Spatial indexing is vital for efficiently slicing subarrays along the dimensions, which is the most important operation in TileDB. Although TileDB offers a unified array API to the user for both dense and sparse arrays, it transparently employs different spatial indexing techniques for dense and sparse fragments.
Recall that all cells in a dense fragment must have a value, which TileDB materializes on disk. This characteristic of dense fragments is important as it considerably simplifies spatial indexing, which becomes almost implicit. Consider the example in the figure below. Knowing the space tile extent along each dimension and the tile order, we can easily identify which space tiles intersect with a subarray query without maintaining any complicated index. Then, using lightweight booking (such as offsets of data tiles on disk, compressed data tile size, etc.), we can fetch the tiles containing results from storage to main memory. Finally, knowing the cell order, we can locate each slab of contiguous cell results in constant time, again without extra indexing.
Note that the above ideas apply also to dense fragments that populate only a subset of the array domain; knowing the non-empty domain, TileDB can apply similar arithmetic calculations to locate the overlapping tiles and cell results.
Recall the differences of a sparse fragment from a dense fragment:
A sparse fragment stores only non-empty cells that might appear in any position in the domain (i.e., they may not be concentrated in dense hyper-rectangles)
In sparse fragments there is no correspondence between space and data tiles. The data tiles are created by first sorting the cells on the global order, and then grouping adjacent cell values based on the tile capacity.
There is no way to know a priori the position of the non-empty cells, unless we maintain extra indexing information.
A sparse fragment materializes the coordinates of the non-empty cells in data tiles.
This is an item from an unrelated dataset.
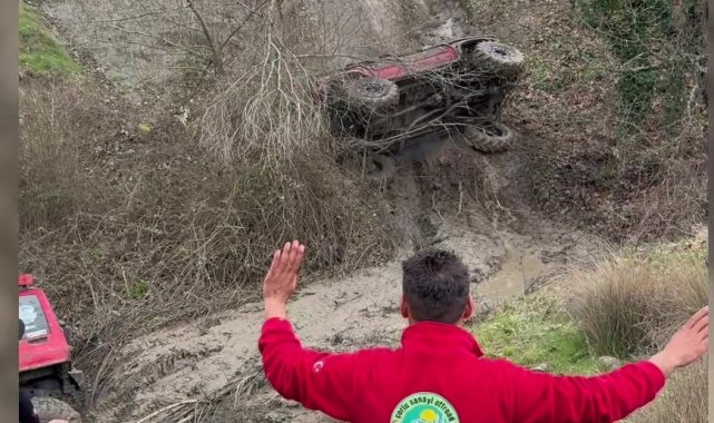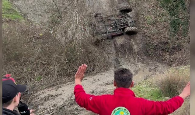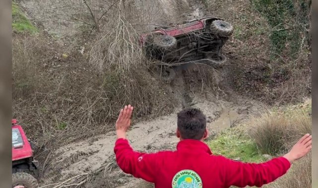 Bursa'da düzenlenen off-road etkinliği renkli görüntülere sahne olurken, parkurda takla atan araçtan sürücünün yara almadan kurtulması yürekleri ağza getirdi.

TileDB indexes sparse non-empty cells with R-Trees. Specifically, for every coordinate data tile it constructs the minimum bounding rectangle (MBR) using the coordinates in the tile. Then, it uses the MBRs of the data tiles as leaves and constructs an R-Tree bottom up by recursively grouping MBRs into larger MBRs using a fanout parameter. The figure below shows an example of a sparse fragment and its corresponding R-Tree.
Given a subarray query, the R-Tree (which is small enough to fit in main memory) is used to identify the intersecting data tile MBRs. Then, the qualifying coordinate data tiles are fetched and the materialized coordinates therein are used to determine the actual results.